THE PROBLEM ▸ From the records below, transcribe exactly the lines that begin at the line with "ASOS DESIGN Maternity" and end at the line with "Luftpost-Faltbrief-Ganzsachen, sieben meist", both included.

EXERCISE DATA ▸

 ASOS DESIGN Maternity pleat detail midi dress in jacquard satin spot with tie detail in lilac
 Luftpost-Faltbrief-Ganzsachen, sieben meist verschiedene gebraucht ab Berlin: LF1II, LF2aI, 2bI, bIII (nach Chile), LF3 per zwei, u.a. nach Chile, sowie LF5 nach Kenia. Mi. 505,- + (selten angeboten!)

==

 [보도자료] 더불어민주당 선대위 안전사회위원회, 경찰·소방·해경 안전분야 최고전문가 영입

OUTPUT BELOW ▸
 ASOS DESIGN Maternity pleat detail midi dress in jacquard satin spot with tie detail in lilac
 Luftpost-Faltbrief-Ganzsachen, sieben meist verschiedene gebraucht ab Berlin: LF1II, LF2aI, 2bI, bIII (nach Chile), LF3 per zwei, u.a. nach Chile, sowie LF5 nach Kenia. Mi. 505,- + (selten angeboten!)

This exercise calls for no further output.